日本大百科全書(ニッポニカ) 「タツノオトシゴ」の意味・わかりやすい解説
タツノオトシゴ
たつのおとしご / 海馬
竜の落子
seahorse
硬骨魚綱ヨウジウオ目ヨウジウオ科タツノオトシゴ亜科Hippocampinaeの海水魚の総称。全長18センチメートル以下の小形魚で、ウミウマともよばれ、英名はシーホース(海馬の意味)。吻(ふん)は管状で、口はその先端で斜め上方に小さく開く。体は側扁(そくへん)して輪状をした硬い骨質板で覆われる。頭と胴体はほぼ直角。

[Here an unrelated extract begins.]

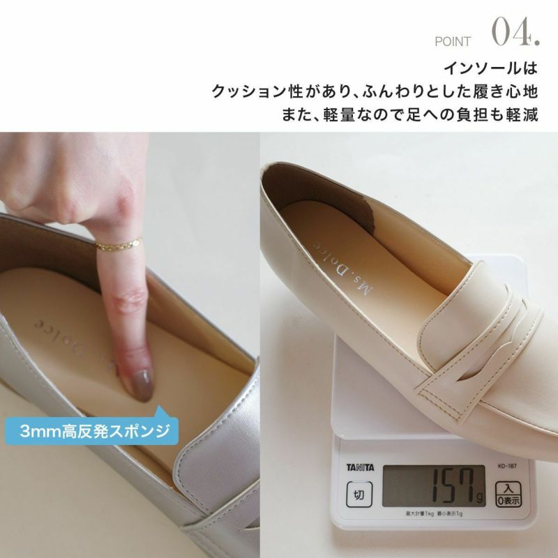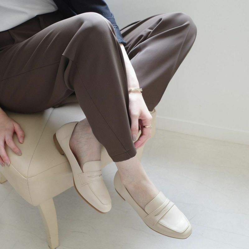 足に負担のかからない心地いい高さのローヒールは長時間履いても疲れにくい。

尾部は長く伸びて尾びれはなく、その先端は内側にくるりと巻いて、これで藻に巻き付いたりする。鰓孔(さいこう)は小さく、腹びれはない。雄は育児嚢(のう)を腹部にもつ。育児嚢は雄が若いうちからでき始め、体の左右の皮褶(ひしゅう)が腹部正中線で完全にあわさったもので、その先端に小孔がある。岸近くのガラモ場やアマモ場にすむ。世界で1属約30種が知られ、日本では、タカクラタツ、オオウミウマ、イバラタツ、サンゴタツ、エンシュウタツ、タツノオトシゴの1属6種が知られる。
産卵行動は朝が多く、雄は育児嚢の孔(あな)を開いてゆっくりと泳いで雌を誘う。雌は胸を反らせて、雄の育児嚢に下腹を押し付け小刻みに体を動かす。雌雄はこのまま水面まで泳ぎ上がり、その後底に沈む。この動作の繰り返しのうちに雌は細い輸卵管を雄の育児嚢に差し込んで卵を産み入れる。育児嚢の内部にはひだがあり、卵を入れられたとき、このひだの表皮はスポンジ状に変わり、毛細血管の発達した網目状の組織となる。この網目に卵が1粒ずつ収まる。孵化(ふか)までに約2週間かかり、卵黄を吸収し稚魚になるまで育児嚢に入っている。出産になると雄は尾を海藻などに絡みつけて力むか、岩などに腹を押し付けて育児嚢を圧迫させ、稚魚とともに卵殻などを絞り出す。この仲間は、乾燥しても体形が崩れないので飾り物にされている。
タツノオトシゴHippocampus coronatusは、日本各地から朝鮮半島南部に分布する。体輪の棘(とげ)、枝状皮弁の形や数は著しく変異が多い。体色は普通褐色をしたものが多いが、個体も変異に富む。